[Source data]
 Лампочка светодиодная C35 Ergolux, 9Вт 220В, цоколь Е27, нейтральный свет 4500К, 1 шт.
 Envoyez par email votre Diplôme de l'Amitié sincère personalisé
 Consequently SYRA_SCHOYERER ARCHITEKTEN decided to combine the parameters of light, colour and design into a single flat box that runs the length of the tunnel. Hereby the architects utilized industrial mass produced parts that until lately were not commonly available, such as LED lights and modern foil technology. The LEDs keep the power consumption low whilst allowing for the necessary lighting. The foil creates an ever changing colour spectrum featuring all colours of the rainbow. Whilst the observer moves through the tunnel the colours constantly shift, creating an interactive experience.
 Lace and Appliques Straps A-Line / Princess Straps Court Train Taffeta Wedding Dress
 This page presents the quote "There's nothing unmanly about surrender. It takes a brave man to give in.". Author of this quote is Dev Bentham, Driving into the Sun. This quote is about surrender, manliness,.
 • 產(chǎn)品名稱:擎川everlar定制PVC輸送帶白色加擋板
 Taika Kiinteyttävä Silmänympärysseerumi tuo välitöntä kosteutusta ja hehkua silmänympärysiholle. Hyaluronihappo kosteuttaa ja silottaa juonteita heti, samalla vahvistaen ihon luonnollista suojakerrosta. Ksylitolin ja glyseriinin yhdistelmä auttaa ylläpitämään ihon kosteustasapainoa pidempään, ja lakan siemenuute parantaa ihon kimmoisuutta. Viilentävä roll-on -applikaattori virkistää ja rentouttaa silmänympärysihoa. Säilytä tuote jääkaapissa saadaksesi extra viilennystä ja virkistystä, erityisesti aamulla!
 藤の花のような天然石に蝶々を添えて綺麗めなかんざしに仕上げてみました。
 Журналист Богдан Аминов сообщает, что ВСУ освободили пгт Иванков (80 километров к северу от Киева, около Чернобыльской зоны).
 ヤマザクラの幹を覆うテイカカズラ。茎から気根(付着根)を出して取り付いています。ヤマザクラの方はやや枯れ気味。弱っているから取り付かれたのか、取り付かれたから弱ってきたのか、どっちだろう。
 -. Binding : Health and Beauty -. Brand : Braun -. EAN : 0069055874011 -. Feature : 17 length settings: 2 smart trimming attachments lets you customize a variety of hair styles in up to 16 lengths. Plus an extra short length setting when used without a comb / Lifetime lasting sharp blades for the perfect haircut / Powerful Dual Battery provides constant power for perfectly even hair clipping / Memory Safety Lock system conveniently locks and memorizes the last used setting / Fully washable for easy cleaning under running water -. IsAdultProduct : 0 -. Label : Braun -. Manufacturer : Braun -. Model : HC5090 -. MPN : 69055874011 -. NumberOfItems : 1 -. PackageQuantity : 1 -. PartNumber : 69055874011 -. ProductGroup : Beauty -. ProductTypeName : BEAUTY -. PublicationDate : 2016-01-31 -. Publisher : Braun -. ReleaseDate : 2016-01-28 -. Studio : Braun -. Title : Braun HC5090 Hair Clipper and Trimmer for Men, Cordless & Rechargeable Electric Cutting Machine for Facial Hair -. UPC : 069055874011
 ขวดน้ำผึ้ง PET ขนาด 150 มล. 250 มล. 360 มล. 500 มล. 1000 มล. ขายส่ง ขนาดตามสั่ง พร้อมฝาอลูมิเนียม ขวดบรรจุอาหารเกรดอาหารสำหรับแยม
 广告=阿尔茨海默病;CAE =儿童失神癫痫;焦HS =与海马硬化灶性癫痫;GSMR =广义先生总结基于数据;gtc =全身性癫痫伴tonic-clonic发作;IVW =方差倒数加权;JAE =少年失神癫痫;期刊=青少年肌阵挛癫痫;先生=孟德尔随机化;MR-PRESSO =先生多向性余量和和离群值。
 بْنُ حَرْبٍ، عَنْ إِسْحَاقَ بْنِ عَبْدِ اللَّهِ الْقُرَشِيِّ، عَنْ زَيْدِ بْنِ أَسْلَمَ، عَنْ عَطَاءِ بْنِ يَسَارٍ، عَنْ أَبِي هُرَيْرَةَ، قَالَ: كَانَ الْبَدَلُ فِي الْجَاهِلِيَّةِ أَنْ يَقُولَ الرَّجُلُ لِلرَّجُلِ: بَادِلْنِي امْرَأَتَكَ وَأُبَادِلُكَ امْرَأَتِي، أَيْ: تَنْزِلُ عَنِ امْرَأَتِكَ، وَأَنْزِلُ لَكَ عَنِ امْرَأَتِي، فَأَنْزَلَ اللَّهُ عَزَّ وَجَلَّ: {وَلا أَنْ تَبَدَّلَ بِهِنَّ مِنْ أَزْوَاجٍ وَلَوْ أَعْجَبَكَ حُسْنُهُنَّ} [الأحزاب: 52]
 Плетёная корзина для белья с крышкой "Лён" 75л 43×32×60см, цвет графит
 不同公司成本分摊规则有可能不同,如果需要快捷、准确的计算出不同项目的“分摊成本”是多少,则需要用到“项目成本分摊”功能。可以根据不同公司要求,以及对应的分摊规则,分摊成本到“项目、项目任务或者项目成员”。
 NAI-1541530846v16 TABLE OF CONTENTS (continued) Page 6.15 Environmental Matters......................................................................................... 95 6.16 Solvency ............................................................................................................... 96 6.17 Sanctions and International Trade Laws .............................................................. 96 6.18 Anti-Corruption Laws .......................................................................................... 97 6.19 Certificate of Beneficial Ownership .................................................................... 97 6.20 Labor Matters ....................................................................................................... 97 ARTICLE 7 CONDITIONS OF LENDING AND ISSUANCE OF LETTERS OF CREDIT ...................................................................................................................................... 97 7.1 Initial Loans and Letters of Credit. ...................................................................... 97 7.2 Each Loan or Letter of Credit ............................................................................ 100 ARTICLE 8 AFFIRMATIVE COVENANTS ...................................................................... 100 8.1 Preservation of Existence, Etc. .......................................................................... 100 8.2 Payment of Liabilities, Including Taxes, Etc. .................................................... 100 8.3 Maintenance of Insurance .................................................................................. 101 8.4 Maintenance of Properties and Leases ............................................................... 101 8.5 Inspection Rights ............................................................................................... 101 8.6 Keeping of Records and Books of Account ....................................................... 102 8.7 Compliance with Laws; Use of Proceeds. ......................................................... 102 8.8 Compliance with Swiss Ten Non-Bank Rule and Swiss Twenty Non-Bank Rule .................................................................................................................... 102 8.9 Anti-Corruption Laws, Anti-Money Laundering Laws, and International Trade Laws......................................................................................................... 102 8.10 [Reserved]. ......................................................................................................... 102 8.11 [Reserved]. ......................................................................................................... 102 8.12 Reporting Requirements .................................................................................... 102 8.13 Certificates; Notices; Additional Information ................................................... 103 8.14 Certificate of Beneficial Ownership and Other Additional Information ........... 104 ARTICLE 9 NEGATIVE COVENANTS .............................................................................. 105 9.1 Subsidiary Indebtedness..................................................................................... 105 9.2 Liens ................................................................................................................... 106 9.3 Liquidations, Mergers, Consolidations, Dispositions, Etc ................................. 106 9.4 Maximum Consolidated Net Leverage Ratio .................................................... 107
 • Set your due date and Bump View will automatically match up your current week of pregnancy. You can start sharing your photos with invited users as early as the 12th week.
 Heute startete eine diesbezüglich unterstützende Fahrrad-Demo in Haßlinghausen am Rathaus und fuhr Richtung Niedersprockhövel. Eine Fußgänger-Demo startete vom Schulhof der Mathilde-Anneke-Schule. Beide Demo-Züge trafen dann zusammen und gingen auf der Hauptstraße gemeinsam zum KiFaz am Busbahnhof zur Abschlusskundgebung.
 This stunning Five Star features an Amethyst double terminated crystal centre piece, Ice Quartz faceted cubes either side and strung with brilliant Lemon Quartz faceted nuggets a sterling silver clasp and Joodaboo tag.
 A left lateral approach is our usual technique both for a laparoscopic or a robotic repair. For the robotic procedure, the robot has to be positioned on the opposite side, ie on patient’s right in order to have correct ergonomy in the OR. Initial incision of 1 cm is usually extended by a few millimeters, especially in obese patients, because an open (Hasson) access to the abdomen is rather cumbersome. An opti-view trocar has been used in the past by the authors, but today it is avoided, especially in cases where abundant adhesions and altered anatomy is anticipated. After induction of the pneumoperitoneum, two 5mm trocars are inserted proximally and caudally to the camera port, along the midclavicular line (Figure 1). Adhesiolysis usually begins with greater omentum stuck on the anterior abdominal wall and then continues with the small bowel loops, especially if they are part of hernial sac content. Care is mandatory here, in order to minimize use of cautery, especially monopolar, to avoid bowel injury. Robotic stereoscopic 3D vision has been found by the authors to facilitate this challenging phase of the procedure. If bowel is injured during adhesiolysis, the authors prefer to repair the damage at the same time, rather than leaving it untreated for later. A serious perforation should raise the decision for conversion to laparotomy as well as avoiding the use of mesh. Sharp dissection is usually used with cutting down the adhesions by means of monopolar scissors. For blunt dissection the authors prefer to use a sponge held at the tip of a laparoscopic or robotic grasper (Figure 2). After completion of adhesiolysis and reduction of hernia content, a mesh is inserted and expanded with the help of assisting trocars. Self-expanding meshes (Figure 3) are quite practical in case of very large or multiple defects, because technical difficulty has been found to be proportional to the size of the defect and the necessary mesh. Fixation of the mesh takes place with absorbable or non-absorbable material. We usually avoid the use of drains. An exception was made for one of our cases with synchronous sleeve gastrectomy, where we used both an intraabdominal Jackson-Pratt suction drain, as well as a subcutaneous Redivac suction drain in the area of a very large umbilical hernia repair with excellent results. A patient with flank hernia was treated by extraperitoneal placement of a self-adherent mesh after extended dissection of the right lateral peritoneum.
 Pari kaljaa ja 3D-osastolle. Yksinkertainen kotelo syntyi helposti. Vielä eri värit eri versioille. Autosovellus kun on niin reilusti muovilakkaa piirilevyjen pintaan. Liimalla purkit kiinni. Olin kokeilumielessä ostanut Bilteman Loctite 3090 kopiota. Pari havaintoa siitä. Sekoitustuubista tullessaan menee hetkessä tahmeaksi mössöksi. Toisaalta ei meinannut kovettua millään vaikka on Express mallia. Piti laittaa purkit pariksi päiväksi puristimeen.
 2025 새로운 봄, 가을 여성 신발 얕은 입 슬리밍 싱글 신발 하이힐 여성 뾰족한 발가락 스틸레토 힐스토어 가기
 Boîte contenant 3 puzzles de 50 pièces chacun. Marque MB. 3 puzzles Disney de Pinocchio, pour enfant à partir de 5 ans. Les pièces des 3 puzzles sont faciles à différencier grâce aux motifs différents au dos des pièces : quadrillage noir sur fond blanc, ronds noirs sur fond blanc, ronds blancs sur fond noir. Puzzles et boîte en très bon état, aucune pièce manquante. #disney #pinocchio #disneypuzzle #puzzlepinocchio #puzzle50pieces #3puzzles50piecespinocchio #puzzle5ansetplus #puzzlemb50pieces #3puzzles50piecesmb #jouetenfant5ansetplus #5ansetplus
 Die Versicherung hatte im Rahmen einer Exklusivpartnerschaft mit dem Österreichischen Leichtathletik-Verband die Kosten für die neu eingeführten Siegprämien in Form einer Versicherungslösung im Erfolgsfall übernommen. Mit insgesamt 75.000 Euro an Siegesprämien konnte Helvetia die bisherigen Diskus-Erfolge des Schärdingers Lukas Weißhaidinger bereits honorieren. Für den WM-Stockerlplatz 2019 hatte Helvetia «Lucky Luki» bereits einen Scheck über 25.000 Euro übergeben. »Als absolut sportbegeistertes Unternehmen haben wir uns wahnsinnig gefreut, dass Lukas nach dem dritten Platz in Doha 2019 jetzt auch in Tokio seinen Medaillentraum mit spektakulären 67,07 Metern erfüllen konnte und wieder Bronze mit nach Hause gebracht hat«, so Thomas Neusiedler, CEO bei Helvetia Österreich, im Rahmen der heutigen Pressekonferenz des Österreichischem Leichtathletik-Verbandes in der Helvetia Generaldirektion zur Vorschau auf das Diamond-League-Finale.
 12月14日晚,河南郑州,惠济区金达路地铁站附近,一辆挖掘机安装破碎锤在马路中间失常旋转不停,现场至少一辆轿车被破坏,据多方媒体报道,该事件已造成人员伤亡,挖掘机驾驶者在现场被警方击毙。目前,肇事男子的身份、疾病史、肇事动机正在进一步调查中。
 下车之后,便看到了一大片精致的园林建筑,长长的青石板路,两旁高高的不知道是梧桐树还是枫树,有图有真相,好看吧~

Prompt:
Could you set down, exactly as written, the lines above between the one holding "Pari kaljaa ja" and the one holding "2025 새로운 봄, 가을", inclusive, and nothing more?

Result of the exercise:
 Pari kaljaa ja 3D-osastolle. Yksinkertainen kotelo syntyi helposti. Vielä eri värit eri versioille. Autosovellus kun on niin reilusti muovilakkaa piirilevyjen pintaan. Liimalla purkit kiinni. Olin kokeilumielessä ostanut Bilteman Loctite 3090 kopiota. Pari havaintoa siitä. Sekoitustuubista tullessaan menee hetkessä tahmeaksi mössöksi. Toisaalta ei meinannut kovettua millään vaikka on Express mallia. Piti laittaa purkit pariksi päiväksi puristimeen.
 2025 새로운 봄, 가을 여성 신발 얕은 입 슬리밍 싱글 신발 하이힐 여성 뾰족한 발가락 스틸레토 힐스토어 가기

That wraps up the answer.